## Provided data
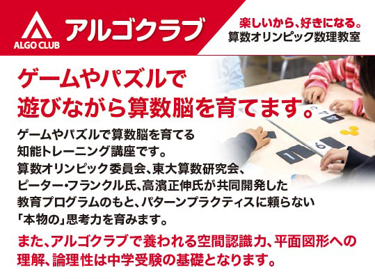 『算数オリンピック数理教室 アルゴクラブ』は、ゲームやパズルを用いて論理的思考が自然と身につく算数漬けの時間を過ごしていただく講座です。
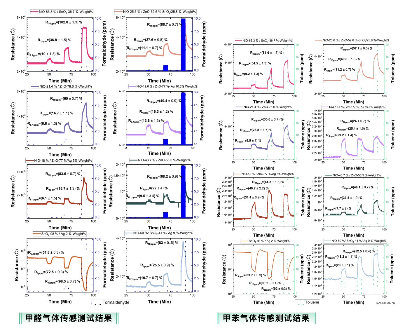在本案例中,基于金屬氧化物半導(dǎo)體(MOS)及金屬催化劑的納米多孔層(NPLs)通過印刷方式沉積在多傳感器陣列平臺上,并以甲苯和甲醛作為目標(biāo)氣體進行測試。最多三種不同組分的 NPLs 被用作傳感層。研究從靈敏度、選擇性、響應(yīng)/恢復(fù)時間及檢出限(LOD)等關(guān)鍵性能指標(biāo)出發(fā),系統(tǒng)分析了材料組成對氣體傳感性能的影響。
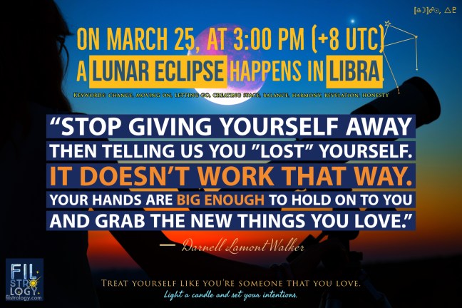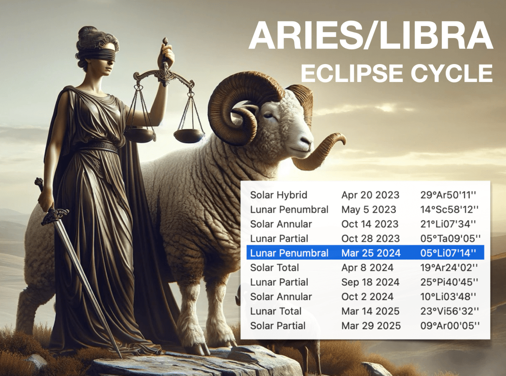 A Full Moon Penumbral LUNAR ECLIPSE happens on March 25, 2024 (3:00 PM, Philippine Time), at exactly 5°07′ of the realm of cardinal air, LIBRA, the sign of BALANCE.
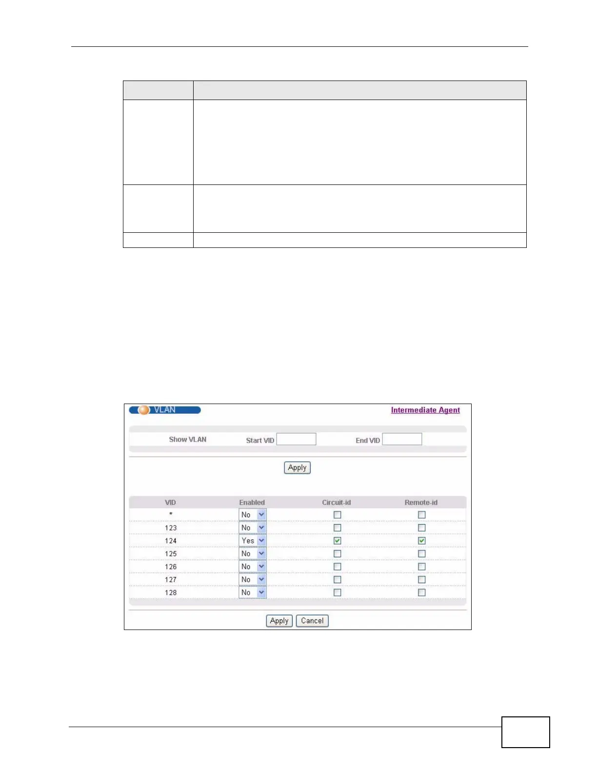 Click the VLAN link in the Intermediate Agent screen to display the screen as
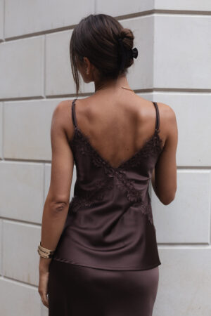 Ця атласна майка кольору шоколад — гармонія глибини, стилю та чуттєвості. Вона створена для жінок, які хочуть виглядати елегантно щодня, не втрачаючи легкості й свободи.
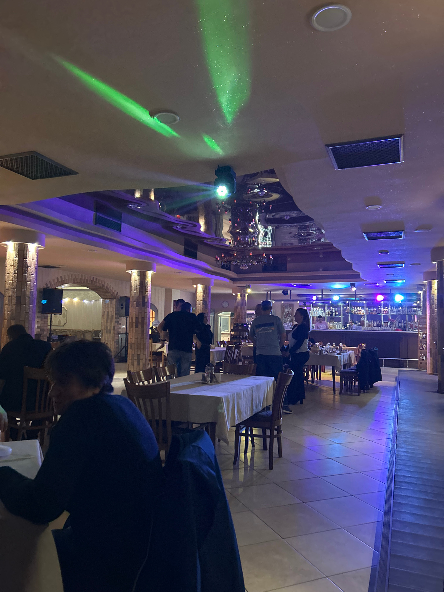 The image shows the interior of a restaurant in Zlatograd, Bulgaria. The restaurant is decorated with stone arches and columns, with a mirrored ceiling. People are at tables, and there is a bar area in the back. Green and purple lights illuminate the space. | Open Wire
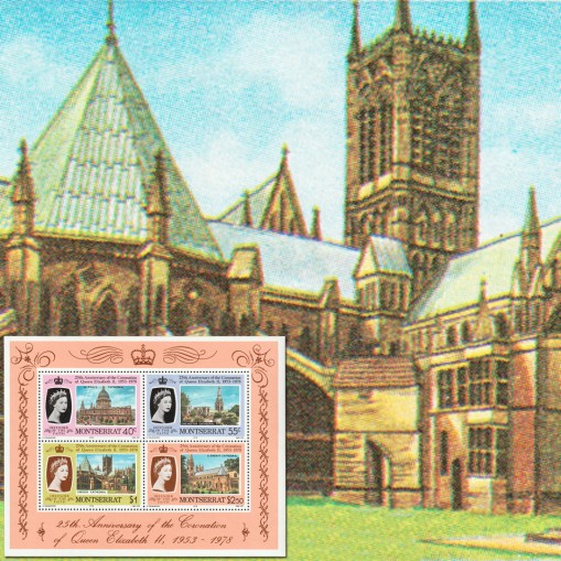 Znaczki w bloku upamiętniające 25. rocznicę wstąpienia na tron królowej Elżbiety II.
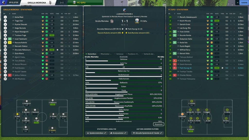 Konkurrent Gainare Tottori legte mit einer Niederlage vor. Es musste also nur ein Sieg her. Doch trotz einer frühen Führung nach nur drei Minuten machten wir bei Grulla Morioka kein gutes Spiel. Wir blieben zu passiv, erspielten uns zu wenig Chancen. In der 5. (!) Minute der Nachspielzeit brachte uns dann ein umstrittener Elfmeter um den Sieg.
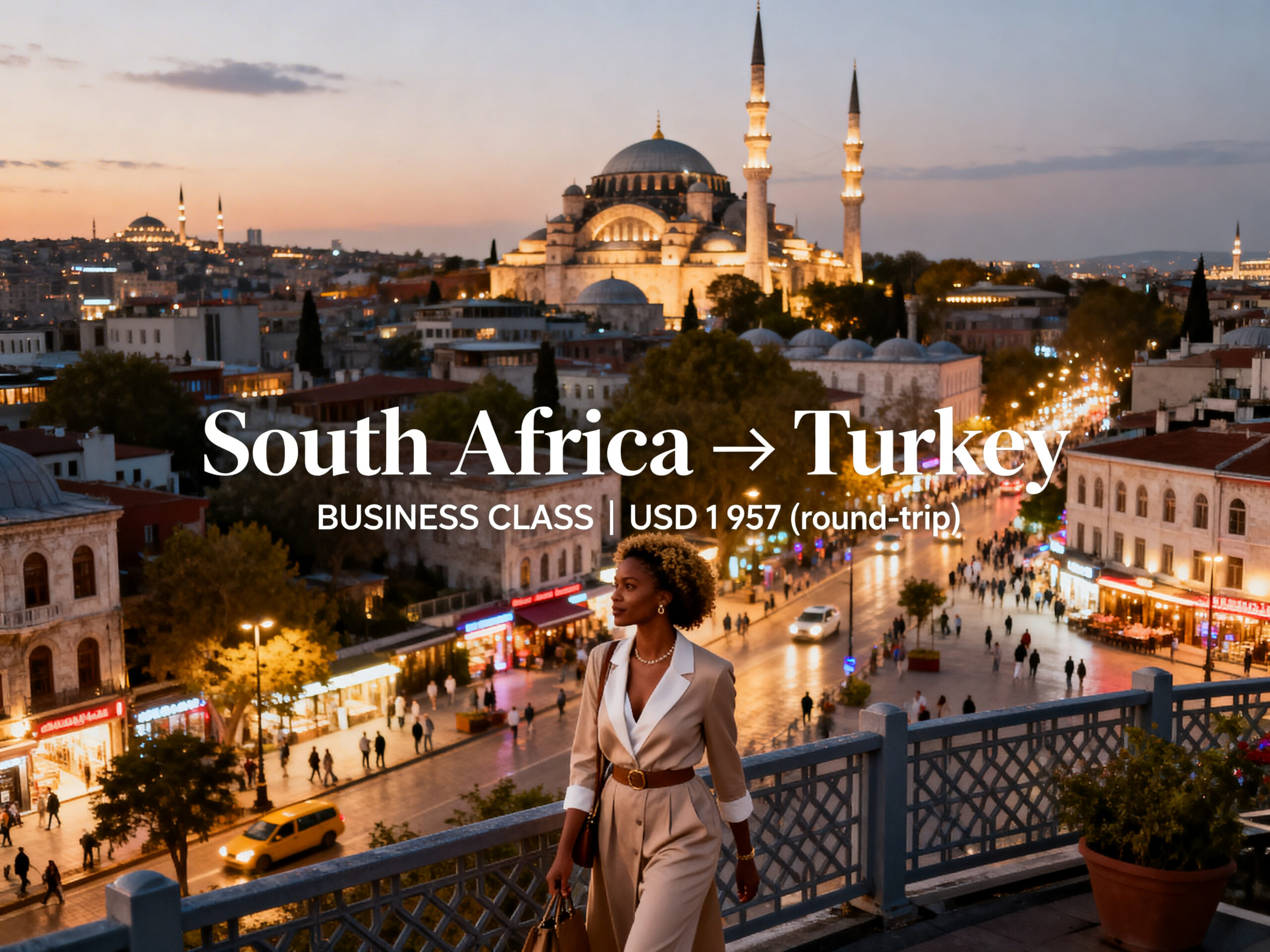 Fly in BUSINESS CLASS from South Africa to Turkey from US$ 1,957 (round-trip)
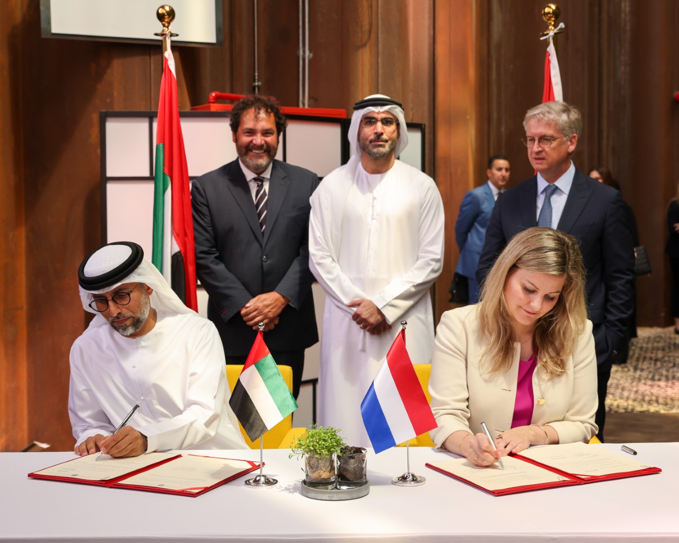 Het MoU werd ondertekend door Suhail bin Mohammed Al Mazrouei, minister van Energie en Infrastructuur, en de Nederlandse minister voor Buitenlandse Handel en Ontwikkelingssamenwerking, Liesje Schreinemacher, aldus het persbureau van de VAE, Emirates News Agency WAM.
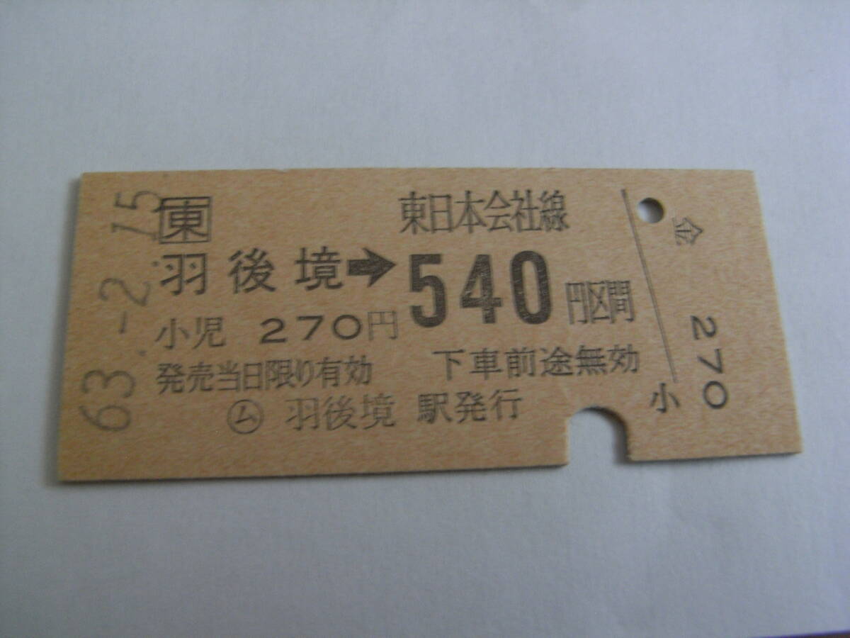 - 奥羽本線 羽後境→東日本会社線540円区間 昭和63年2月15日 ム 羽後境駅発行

## About this exercise
Your copy should restate every record word for word and contain no pictures.

## Expected answer
 『算数オリンピック数理教室 アルゴクラブ』は、ゲームやパズルを用いて論理的思考が自然と身につく算数漬けの時間を過ごしていただく講座です。
在本案例中,基于金屬氧化物半導(dǎo)體(MOS)及金屬催化劑的納米多孔層(NPLs)通過印刷方式沉積在多傳感器陣列平臺上,并以甲苯和甲醛作為目標(biāo)氣體進行測試。最多三種不同組分的 NPLs 被用作傳感層。研究從靈敏度、選擇性、響應(yīng)/恢復(fù)時間及檢出限(LOD)等關(guān)鍵性能指標(biāo)出發(fā),系統(tǒng)分析了材料組成對氣體傳感性能的影響。
 A Full Moon Penumbral LUNAR ECLIPSE happens on March 25, 2024 (3:00 PM, Philippine Time), at exactly 5°07′ of the realm of cardinal air, LIBRA, the sign of BALANCE.
 Click the VLAN link in the Intermediate Agent screen to display the screen as
 Ця атласна майка кольору шоколад — гармонія глибини, стилю та чуттєвості. Вона створена для жінок, які хочуть виглядати елегантно щодня, не втрачаючи легкості й свободи.
 The image shows the interior of a restaurant in Zlatograd, Bulgaria. The restaurant is decorated with stone arches and columns, with a mirrored ceiling. People are at tables, and there is a bar area in the back. Green and purple lights illuminate the space. | Open Wire
 Znaczki w bloku upamiętniające 25. rocznicę wstąpienia na tron królowej Elżbiety II.
 Konkurrent Gainare Tottori legte mit einer Niederlage vor. Es musste also nur ein Sieg her. Doch trotz einer frühen Führung nach nur drei Minuten machten wir bei Grulla Morioka kein gutes Spiel. Wir blieben zu passiv, erspielten uns zu wenig Chancen. In der 5. (!) Minute der Nachspielzeit brachte uns dann ein umstrittener Elfmeter um den Sieg.
 Fly in BUSINESS CLASS from South Africa to Turkey from US$ 1,957 (round-trip)
 Het MoU werd ondertekend door Suhail bin Mohammed Al Mazrouei, minister van Energie en Infrastructuur, en de Nederlandse minister voor Buitenlandse Handel en Ontwikkelingssamenwerking, Liesje Schreinemacher, aldus het persbureau van de VAE, Emirates News Agency WAM.
 - 奥羽本線 羽後境→東日本会社線540円区間 昭和63年2月15日 ム 羽後境駅発行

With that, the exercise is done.